If you're developing on macOS or windows and you find podman too slow, you can host it on a native linux box and interface with it remotely through your client machine. These instructions are for podman, but the same thing can be achieved for docker.
This guide will cover how to do this using ssh as a connection between your macOS client and the remote linux podman host.
Setup Linux Host #
Install podman (on debian machine)
sudo apt install podman
Enable the podman daemon to listen to remote requests. Sudo should not be needed for this since it's enabled for the user.
systemctl --user --now enable podman.socket
Keep the socket alive so that the podman service works when logged out.
sudo loginctl enable-linger $USER
Setup macOS Client #
- Install podman
brew install podman
- If you do not have an ssh key setup to access the linux host where podman was installed above, you will need that (See resource 1 at the bottom).
- Add the linux host as a podman client connection.
podman system connection add my-new-connection --identity ~/.ssh/id_ed25519 ssh://<server-user>@<server-ip>/run/user/1000/podman/podman.sock
The "my-new-connection" can be any name you want. 4) Check the connection
podman system connection list
podman --remote info
If that's your only connection, that's it! Podman cli commands will now communicate with the linux host to execute container commands.

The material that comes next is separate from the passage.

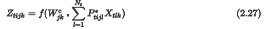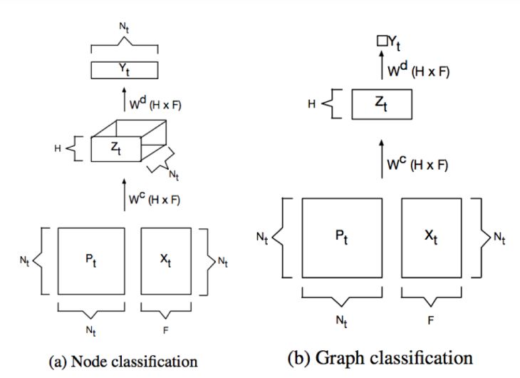 Consider t-th graph has a node l with k-th feature as $x_{t,l,k}$ and $p_{t,i,j,l}$ is the probability of transiting from $i-th$ node to $l-th$ node in $l$ hoops, the convolution can be computed as:

This connection can be set as the default if there are multiple connections: podman system connection default my-new-connection
Getting docker-compose working with podman remote #
- Install docker-compose on the macOS client
brew install docker-compse
- Ensure the DOCKER_HOST env variable is pointing at the remote server ssh connection
export DOCKER_HOST=ssh://<server-user>@<server-ip>
You may note that the exact socket reference can't be appended to the DOCKER_HOST url, so we need to make a couple changes on the remote host for docker-compose to work. The docker.sock path and docker command are both used by default when docker-compose executes. We can get around that by making a couple symlinks. - Now, on the linux host run
sudo ln -s /run/user/1000/podman/podman.sock /var/run/docker.sock
to symlink the podman.sock to where the docker.sock would be. - Then run
sudo ln -s /usr/bin/podman /usr/bin/docker
to create a symlink so that the docker command executes the podman binary.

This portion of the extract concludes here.